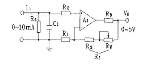 要求:电流输入信号Ii是从运算放大器A1的同相输入端输入的,因此要求选用具有较高共模抑制比的运算放大器,例如,OP-07、OP-27等。R4为高精度、热稳定性较好的电阻。
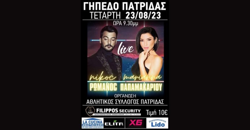 Verianet > News > Ατζέντα > Λαϊκή βραδιά στο γήπεδο Πατρίδας με Νίκο Ρωμανό και Μαριάννα Παπαμακαρίου (23/8/23)
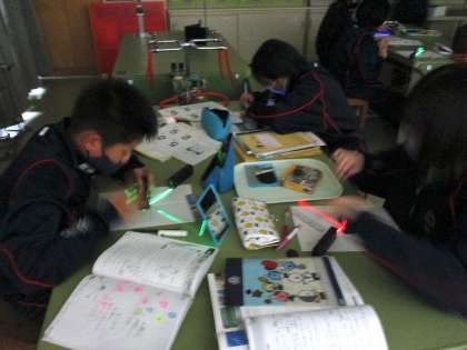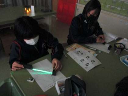 光の反射の実験をしていました。
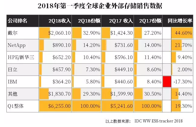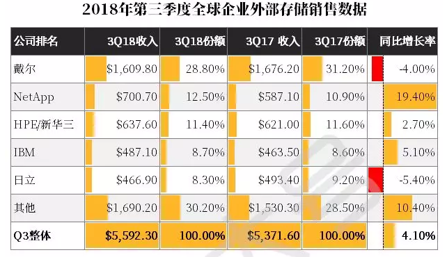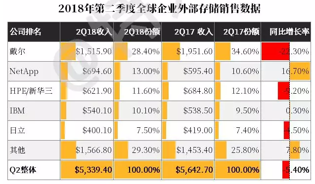 戴爾第一,NetApp第二,HPE第三
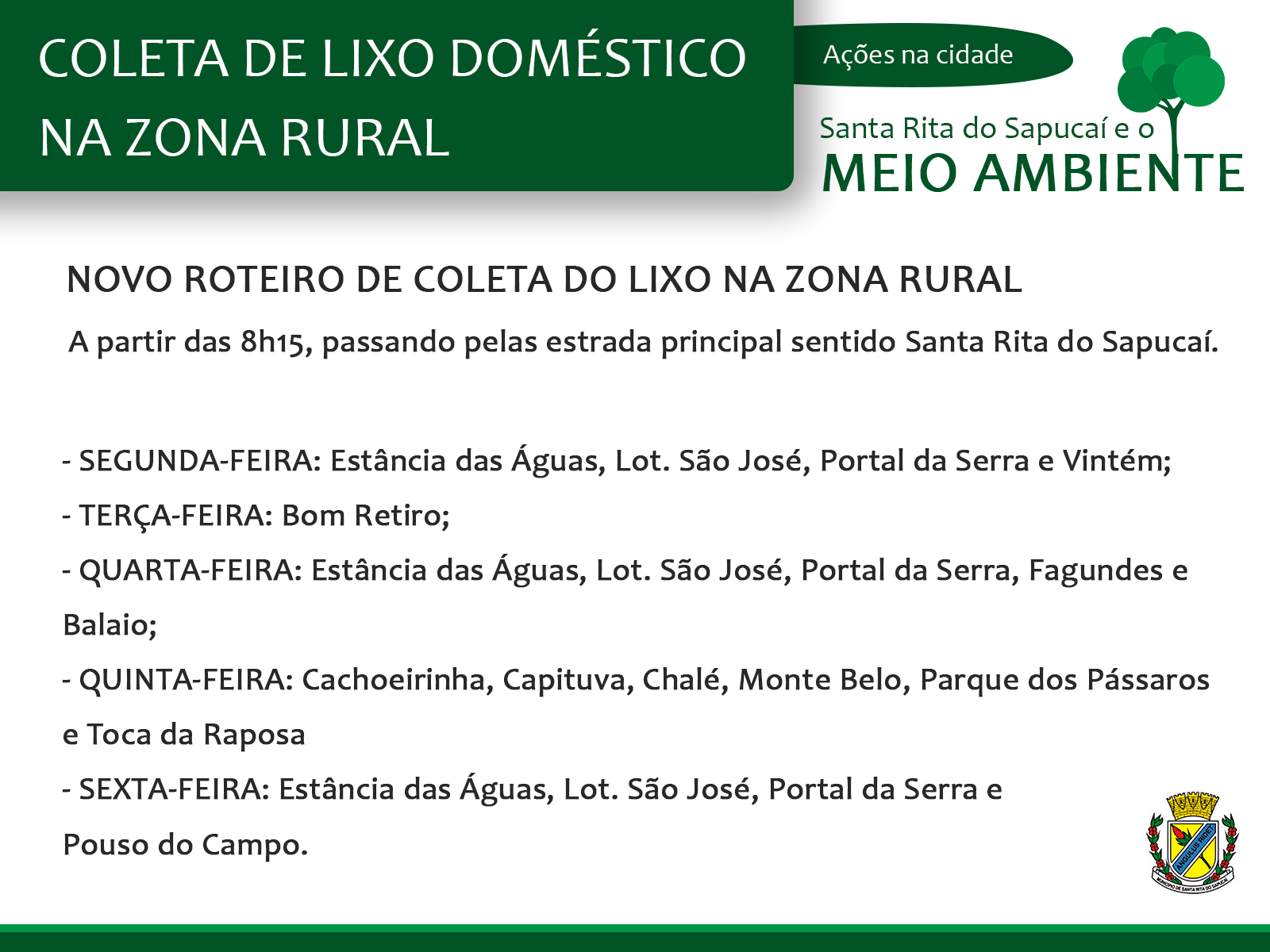 O projeto de coleta de lixo doméstico na zona rural teve início no mês de maio de 2019 no bairro Fagundes, em seguida no bairro Bom Retiro, e desde o dia 06 de janeiro de 2020 abrange toda zona rural.
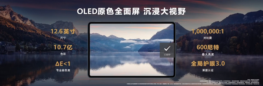 首先,在屏幕配置方面,华为MatePad Pro 12.6英寸相比上一代具有更高的刷新率、更好的色彩,其配备120Hz刷新率的OLED原色全面屏,具有2560x1600高分辨率和240 PPI的高像素密度,屏占比达到90%;同时这款苹果拥有1000,000:1高对比度、10.7亿色和P3广色域,Delta E<1的色准表现,屏幕素质非常出色;此外,这款最新的华为MatePad Pro采用硬件低蓝光技术,支持1440Hz 高频PWM调光,降低屏幕频闪,减少长时间用眼的不适。而在娱乐音影方面,支持HUAWEI SOUND音频,并设计了高低分频8喇叭,最高可达到79dB响度,音效也十分震撼。
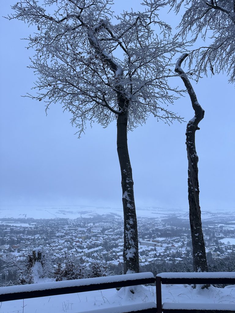 Natürlich musste ich den Schnee ausnutzen und eine Wanderung durch den Wald zu meinem „Ort der Stille“ machen. Knirschender Schnee unter den Füßen und Bäume, die aussahen, als hätte jemand sie liebevoll mit Puderzucker bestäubt führte mich der Weg hinauf auf die Klippen – und dort wartete ein Ausblick, der mich einfach immer wieder sprachlos macht: die verschneite Stadt unter mir. Der Schnee hatte einen ganz besonderen Zauber an den Bäumen hinterlassen, so filigran und fast märchenhaft. Zum Glück habe ich noch ein gutes Auge für die Wunder der Natur. Auf Fotos lässt sich die wahre Schönheit der Natur nämlich kaum einfangen.

******************************

_What is required_. Write out the lines of the material above exactly, from its first line through the line that contains "戴爾第一,NetApp第二,HPE第三", so that no picture appears in the copy.

_Reply to the task_.
 要求:电流输入信号Ii是从运算放大器A1的同相输入端输入的,因此要求选用具有较高共模抑制比的运算放大器,例如,OP-07、OP-27等。R4为高精度、热稳定性较好的电阻。
 Verianet > News > Ατζέντα > Λαϊκή βραδιά στο γήπεδο Πατρίδας με Νίκο Ρωμανό και Μαριάννα Παπαμακαρίου (23/8/23)
 光の反射の実験をしていました。
 戴爾第一,NetApp第二,HPE第三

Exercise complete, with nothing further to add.